Jeffrey and Douglas presented the 4R Model for Conversational Analysis:

  1. Record: fold a paper in half – on the right side write down the visible part of the conversation, on the left side write down the invisible part, meaning your thoughts and feelings
  2. Reflect: Be curious and ask if your questions are genuine, be transparent and think about what things from the left side could be on the right, and think about the triggers that set of a negative reaction for you
  3. Revise: How could you’ve been curious and transparent – write down a revision
  4. Roleplay: Roleplay your revision and see how it sounds and feels

Through practice, we can learn how to act in ways that encourage mutual learning. The result is the higher performance of groups, better working relationships, and improved well-being. If you don’t take time to practice and remain frustrated, it might be your fault.

Frustrated - it might be your fault

Continuous quality: The secret of the Pharaos

Adonis Celestine
When thinking about pyramids, it is astonishing that they are still standing, even after such a long time.
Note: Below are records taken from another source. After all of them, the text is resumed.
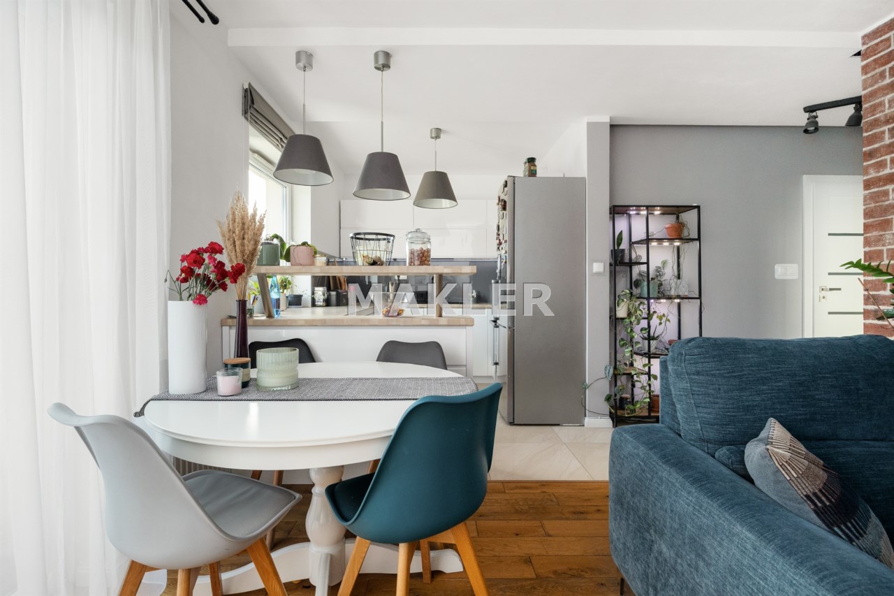 Wnętrze zostało zaprojektowane tak, by od razu czuć się jak w domu: cegła na ścianie podkreśla unikalny charakter, a elementy drewna i neutralne kolory tworzą ciepły, nowoczesny klimat, który pokochasz. Na uwagę zasługuje również podloga w salonie z piękna dębową deską co stwarza ciepło i podkreśla styl.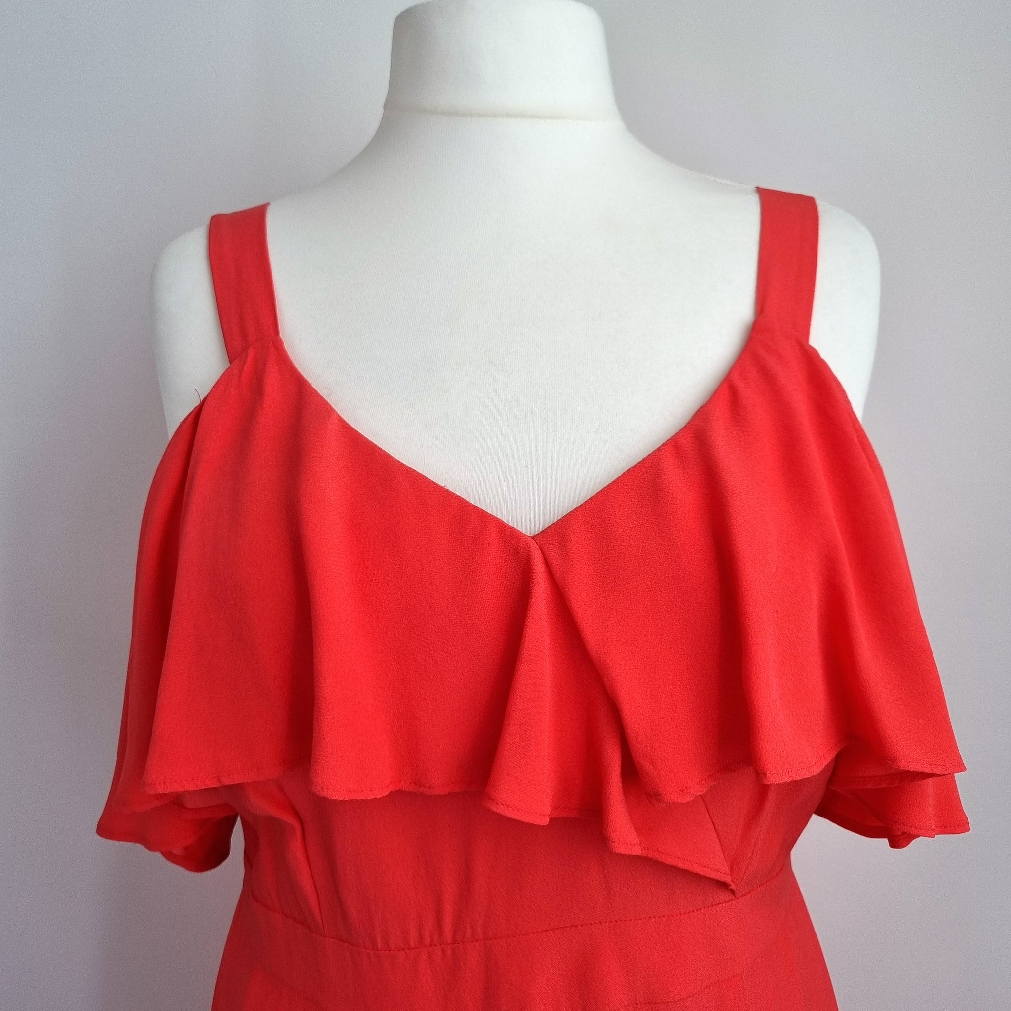 Monsoon Dress - Coral (it's a slightly pinker coral than my camera shows) - Could Shoulder - Frills - Lined - Midi - Back Zip Fastening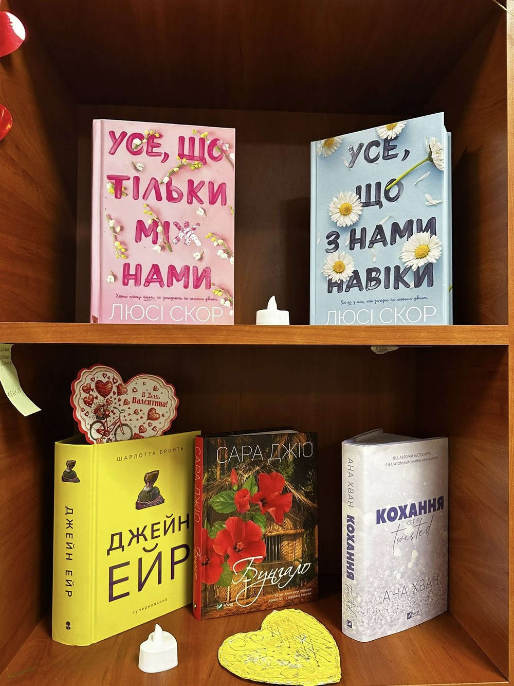 «Соловей» – Крістін Генна Історія про любов і жіночу силу в часи війни. Про вибір, відданість і світло, яке не згасає навіть у темряві. «Володарка Понтиди» – Юрій Косач Захопливий історичний роман із присмаком таємниці, пристрасті й боротьби. Для тих, хто цінує глибину та атмосферу. «Усе, що тільки між нами» – Люсі Скор Сучасна романтична історія з гумором, щирістю і хімією між героями. «Усе, що з нами навіки» – Люсі Скор Про другий шанс, силу почуттів і те, що справжнє кохання витримує випробування часом. Джейн Ейр – Шарлотта Бронте Класика, яка доводить: любов — це гідність, свобода і рівність сердець. «Бунгало» – Сара Джіо Роман про літо, пристрасть і доленосний вибір. Кохання – Ана Хван Сучасна історія про почуття, які спалахують несподівано та змінюють усе. 451° за Фаренгейтом – Рей Бредбері Не лише про заборону книг — а й про любов до думки, свободи й слова.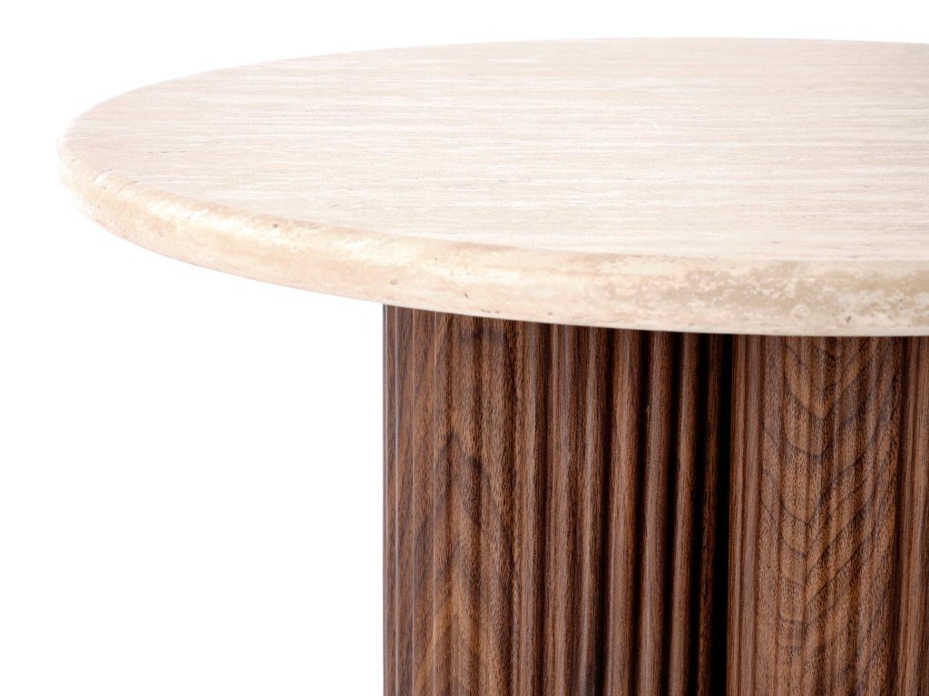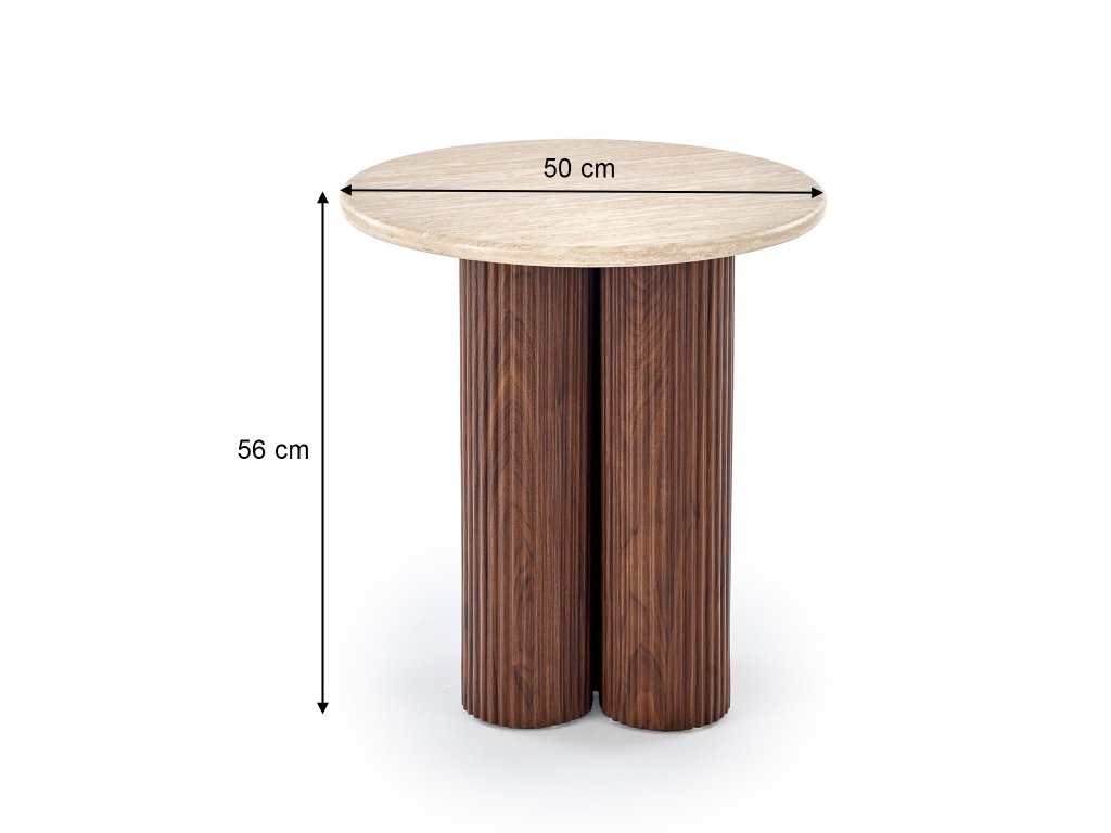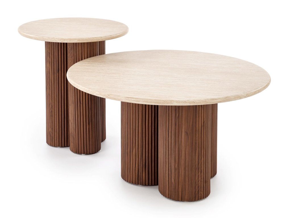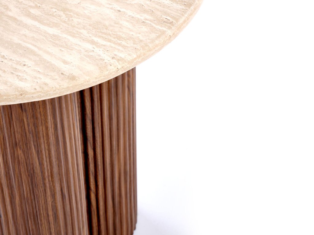 A DOROTEA S dohányzóasztal a travertin eleganciáját ötvözi a meleg dió színnel. Finom, luxusos kinézetével bármely nappali középpontja lesz. Kompakt méreteinek és stabil, oszlopos kialakításának köszönhetően kisebb és tágasabb szobákban is remekül mutat. Kerek formája és modern kinézete miatt jól illik a modern, a minimalista vagy akár a klasszikus enteriőrökbe is.
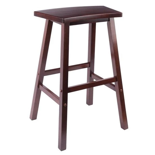 The one of a kind fan shape of the Katashi 24" Stool turns an everyday counter stool into an eye catching design element for your kitchen. den or dining area. With the outer curve of the seat measuring 19.6" wide. the stool offers greater than average seating space. while the inner contour allows for a bit more room for ones legs. Comfortable and stylish. the Katashi Counter Stool has a compact footprint that fits neatly and easily under a counter or desk when not in use. FeaturesFinished in a warm Walnut. the stool is made of Solid Wood for handsome durabilityAssembly requiredSpecificationsFinish: WalnutMaterial: Solid WoodOverall Dimension: 28.6" H x 19.6" W x 15.7" DStatic Weight Limit: 220 lbsSeat outer curve Dimensions: 19.6" W x 11.8" DSeat inner curve Dimension: 15.7" W x 11.8" DHeight From Top of Seat to Highest Crossbar: 15.6" HHeight From Top of Seat to Lowest Crossbar: 18.5" HFootprint: 17.8" W x 15.7" DWeight: 16 lbs

This is because of their great quality. Adonis talked about the strategies of the pharaohs and what we can learn from them for building continuous quality into our products.

The first strategy is attention to detail. The pharaohs measured all stones, each and every one. Details define the quality, like Netflix customizing their pages for their users or Disney even engraving manholes in their parks with their logo. But details can also become the devil. Think about things like zero-defect strategy, doing it right the first time, test coverage, questions about if the sprint can be completed or if the user stories have been automated.

The second strategy is thinking about the big pictures. The stones of a pyramid have to be placed in the right order. In quality assurance you have to use the following types of thinking:

  • Purpose thinking: what is the real objective, ask the 5 whys – people don’t buy WHAT you do, they buy WHY you do it
  • People thinking: it takes people to make the dream a reality, so think about what your users want
  • Product thinking: what is the innovation and technology that makes a change in the world, you have to find products for your customers, not customers for your product

And the last strategy is to balance micro and macro views, meaning connecting the big picture to the details throughout your whole pipeline.

Continuous quality - the secret of the pharaos

Engagement is a state of mind

Janet Gregory
The final keynote of the EuroSTAR Conference 2021 was held by Janet Gregory. She thinks that as a tester our role is to be engaged, which requires a special mindset. There is passive and active engagement, watching vs. taking part. Use uncertainty as an opportunity to grow.

Technical engagement is about practical skills to do your job, infrastructure, pipelines, tools, automation, and domain complexity. Ask how well your product is built, what system/devices it runs on if behavior can be simulated, how the product interacts with the world around it. Ask if you have the right data and if you practice observability.

In human-centric engagement, there are hidden assumptions, cognitive biases, different perspectives, and cultures and all this also affects our testing. We engage with people like our teams, other teams, stakeholders, or customers at different levels like sharing, mentoring, teaching, or in conflict. Therefore we need to pay attention and be mindful when we work with people. Honor yourself, the people involved and the context you are in.

To be socially connected, you need a culture of helpfulness, collaborators and to build trust. As a tester you have to remember that testing isn’t a solitary job, relationships with others don’t just happen, you need to interact with your customer, and that knowledge is meant to be shared.

So the skills for engaging with people are:

  • communication
  • listening
  • emotional awareness
  • adaptability
  • empathy
  • facilitation
  • critical thinking
  • collaboration

Engagement is a state of mind

I can’t believe the EuroSTAR Conference 2021 is already over. Hopefully, I’ll get the chance to attend the next edition and once again share my sketchnotes with all of you.